Hybrid working is now embedded, cloud applications proliferate, and data moves continuously between users, devices and locations. UK organisations now manage more cloud identities than traditional endpoints, and more than half of enterprise traffic originates outside the office. As a result, network reliability, security and performance have shifted from operational concerns to board-level priorities.
In this landscape, traditional upgrade cycles are struggling. Infrastructure ages faster than planned, vulnerabilities emerge sooner, and the cost and disruption of major refresh projects often outweigh their short-term value. Rip and replace was manageable when networks evolved slowly and most services lived on-premises. Today, with digital change accelerating every quarter, it has become both financially and operationally misaligned with the pace of business.
CIOs increasingly need an alternative – a way to improve security and performance without dismantling what already works; a way to modernise continuously instead of in disruptive, high-risk increments. Secure Access Service Edge (SASE) provides that alternative, offering a more flexible and sustainable approach to network transformation.

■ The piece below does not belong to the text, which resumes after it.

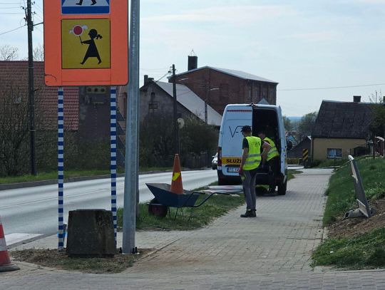 Prace skoncentrowano w okolicach sklepu Dino – to właśnie tam, na przejściu dla pieszych, które od lat budziło obawy mieszkańców, powstaje nowa sygnalizacja. Robotnicy wykonali kluczowe prace ziemne: wykopano fundamenty, zabetonowano podstawy i osadzono pierwsze słupki konstrukcyjne.
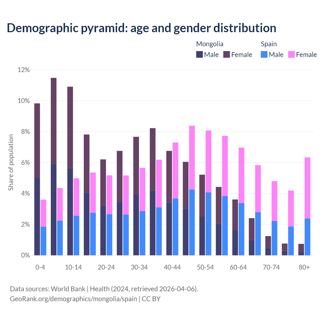 Demographics of Mongolia compared to Spain:

SASE brings together networking and security into a single, cloud-delivered architecture built around identity and context. Rather than relying on physical appliances and perimeter-based controls, SASE applies consistent security and access policies wherever users connect. It provides a unified platform for Zero Trust access, cloud inspection, secure connectivity and centralised policy management, all delivered at the edge.
Within this model, modernisation becomes something organisations can achieve progressively, capability by capability, instead of through large, disruptive refresh cycles.

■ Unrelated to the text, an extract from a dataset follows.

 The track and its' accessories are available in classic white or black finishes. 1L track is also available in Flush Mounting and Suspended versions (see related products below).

A defining strength of SASE is its ability to enhance rather than replace. Because core intelligence – from inspection to policy enforcement – lives in the cloud, modern capabilities can be introduced without retiring existing infrastructure immediately. This means organisations can phase out legacy VPNs, firewalls and proxies gradually, shifting controls to the SASE fabric as teams are ready. This protects previous investment, reduces operational risk and avoids the single-event disruption associated with traditional refresh programmes.
Zero Trust is increasingly expected by boards, insurers and regulators, but implementing it on top of legacy architecture can be complex. SASE embeds Zero Trust principles into its design, allowing identity-first access to be introduced incrementally. Remote workers, cloud applications or specific high-risk groups can be prioritised first, with the model expanding as maturity grows. This staged approach enables a strategic security shift without overwhelming teams or slowing delivery.
SASE’s modularity gives CIOs the flexibility to begin with the areas that matter most. Whether the pressure is unreliable VPN performance, fragmented security tooling, inconsistent cloud visibility or branch connectivity challenges, SASE allows targeted improvements that deliver immediate impact. Each new capability stands on its own, yet contributes to a cohesive architectural evolution. This creates a rhythm of early wins – visible improvements that build momentum and strengthen stakeholder confidence.
Perhaps the most transformative aspect of SASE is the shift in operating model. New sites, applications or services can be onboarded quickly, without the lengthy engineering cycles associated with legacy networks. Policies can be updated centrally and applied everywhere in minutes. Continuous cloud-delivered updates ensure the environment remains current without additional hardware investment. Instead of ageing the moment it is deployed – a common issue cited by UK CIOs – the network becomes a living platform that adapts to change as it happens.
Incremental modernisation delivers advantages that rip and replace cannot match. It avoids high-risk cutovers at a time when organisations depend on uninterrupted operations. It replaces large, infrequent capital events with predictable operational expenditure. It enables teams to build capability steadily rather than navigating a single, overwhelming transition. And critically, it ensures that modernisation aligns with the organisation’s needs – keeping pace with evolving applications, new security expectations, and changing workforce behaviour.
Steady progress creates confidence. Teams see improvement rather than disruption. Leaders can demonstrate value earlier. Change becomes a continuous habit, not a rare, stressful event.
SASE offers a practical, measured alternative to the outdated cycle of rip and replace. It enables organisations to strengthen their architecture step by step, modernising without pause, rebuilding without disruption, and improving security without overspending. For CIOs, this is not just a technical evolution but a strategic one – a shift from reactive infrastructure management to proactive, business-aligned modernisation.
It’s a model that grows with the organisation, protects existing investment and ensures the network remains ready for whatever comes next.